Re: [PATCH 0/6 v2] nfs_localio: fixes for races and errors from older compilers

[Date Prev][Date Next][Thread Prev][Thread Next][Date Index][Thread Index]

 



On Friday 16 May 2025 11:33:20 Chuck Lever wrote:
> On 5/10/25 3:57 PM, Mike Snitzer wrote:
> > On Sat, May 10, 2025 at 12:02:27PM -0400, Chuck Lever wrote:
> >> On 5/9/25 11:01 PM, NeilBrown wrote:
> >>> On Sat, 10 May 2025, Chuck Lever wrote:
> >>>> [ adding Paul McK ]
> >>>>
> >>>> On 5/8/25 8:46 PM, NeilBrown wrote:
> >>>>> This is a revised version a the earlier series.  I've actually tested
> >>>>> this time and fixed a few issues including the one that Mike found.
> >>>>
> >>>> As Mike mentioned in a previous thread, at this point, any fix for this
> >>>> issue will need to be applied to recent stable kernels as well.
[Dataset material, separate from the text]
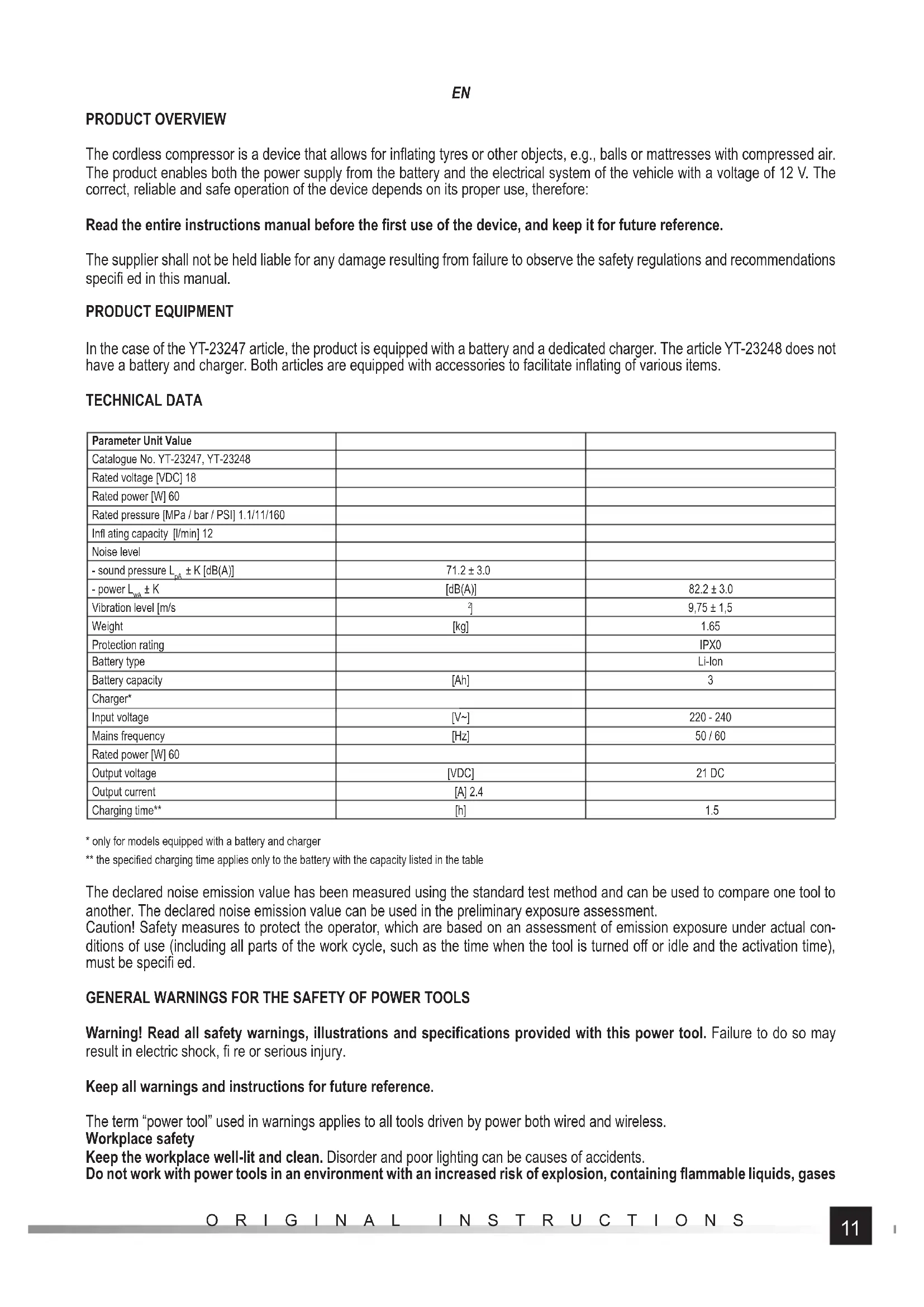 ORIGINAL INSTRUCTIONS PRODUCT OVERVIEW The cordless compressor is a device that allows for infl ating tyres or other objects, e.g., balls or mattresses with compressed air. The product enables both the power supply from the battery and the electrical system of the vehicle with a voltage of 12 V. The correct, reliable and safe operation of the device depends on its proper use, therefore: Read the entire instructions manual before the fi rst use of the device, and keep it for future reference. The supplier shall not be held liable for any damage resulting from failure to observe the safety regulations and recommendations specifi ed in this manual. PRODUCT EQUIPMENT In the case of the YT-23247 article, the product is equipped with a battery and a dedicated charger. The article YT-23248 does not have a battery and charger. Both articles are equipped with accessories to facilitate infl ating of various items. TECHNICAL DATA Parameter Unit Value Catalogue No. YT-23247, YT-23248 Rated voltage [VDC] 18 Rated power [W] 60 Rated pressure [MPa / bar / PSI] 1.1/11/160 Infl ating capacity [l/min] 12 Noise level - sound pressure L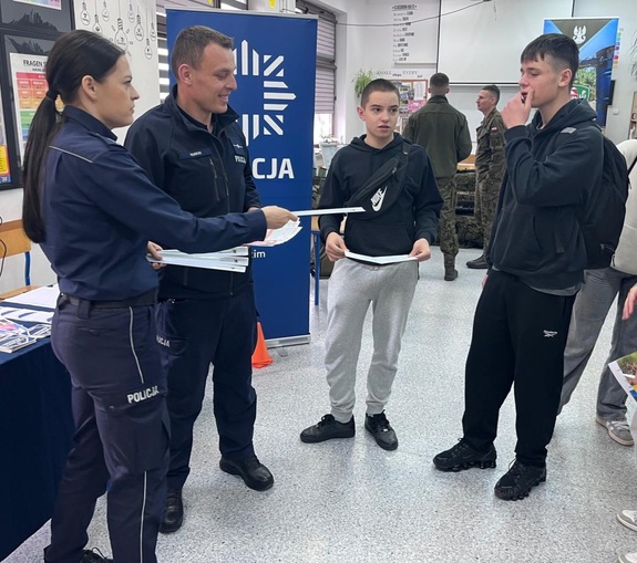 Policjanci tomaszowskiej komendy uczestniczyli w Dniach Otwartych Liceum Ogólnokształcącego im. St. Kostki Starowieyskiego w Łaszczowie. Na przygotowanym stanowisku, osobom zainteresowanym przybliżaliśmy specyfikę zawodu policjanta oraz proces rekrutacji do służby. Spotkanie było również promocją funkcjonującej w szkole klasy o profilu mundurowym.

This
> >>>> series looks a bit too complicated for that.
> >>>>
> >>>> I expect that other subsystems will encounter this issue eventually,
> >>>> so it would be beneficial to address the root cause. For that purpose, I
> >>>> think I like Vincent's proposal the best:
> >>>>
> >>>> https://lore.kernel.org/linux-nfs/8c67a295-8caa-4e53-a764-f691657bbe62@xxxxxxxxxx/raw
> >>>>
> >>>> None of this is to say that Neil's patches shouldn't be applied. But
> >>>> perhaps these are not a broad solution to the RCU compilation issue.
> >>>
> >>> Do we need a "broad solution to the RCU compilation issue"?
> >>
> >> Fair question. If the current localio code is simply incorrect as it
> >> stands, then I suppose the answer is no. Because gcc is happy to compile
> >> it in most cases, I thought the problem was with older versions of gcc,
> >> not with localio (even though, I agree, the use of an incomplete
> >> structure definition is somewhat brittle when used with RCU).
> >>
> >>
> >>> Does it ever make sense to "dereference" a pointer to a structure that is
> >>> not fully specified?  What does that even mean?
> >>>
> >>> I find it harder to argue against use of rcu_access_pointer() in that
> >>> context, at least for test-against-NULL, but sparse doesn't complain
> >>> about a bare test of an __rcu pointer against NULL, so maybe there is no
> >>> need for rcu_access_pointer() for simple tests - in which case the
> >>> documentation should be updated.
> >>
> >> For backporting purposes, inventing our own local RCU helper to handle
> >> the situation might be best. Then going forward, apply your patches to
> >> rectify the use of the incomplete structure definition, and the local
> >> helper can eventually be removed.
> >>
> >> My interest is getting to a narrow set of changes that can be applied
> >> now and backported as needed. The broader clean-ups can then be applied
> >> to future kernels (or as subsequent patches in the same merge window).
> >>
> >> My 2 cents, worth every penny.
> > 
> > I really would prefer we just use this patch as the stop-gap for 6.14
> > and 6.15 (which I have been carrying for nearly a year now because I
> > need to support an EL8 platform that uses gcc 8.5):
> > 
> > https://git.kernel.org/pub/scm/linux/kernel/git/snitzer/linux.git/commit/?h=kernel-6.12.24/nfs-testing&id=f9add5e4c9b4629b102876dce9484e1da3e35d1f
> > 
> > Then we work through getting Neil's patchset to land for 6.16 and
> > revert the stop-gap (dummy nfsd_file) patch.
> > 
> >>> (of course rcu_dereference() doesn't actually dereference the pointer,
> >>>  despite its name.  It just declared that there is an imminent intention
> >>>  to dereference the pointer.....)
> >>>
> >>> NeilBrown
> > 
> > Rather than do a way more crazy stop-gap like this (which actually works):
> 
> The below looks about like I expected it to. Thanks for coding it up and
> trying it!

This really looks nice. Thanks.

Would you send it as a regular patch to the list?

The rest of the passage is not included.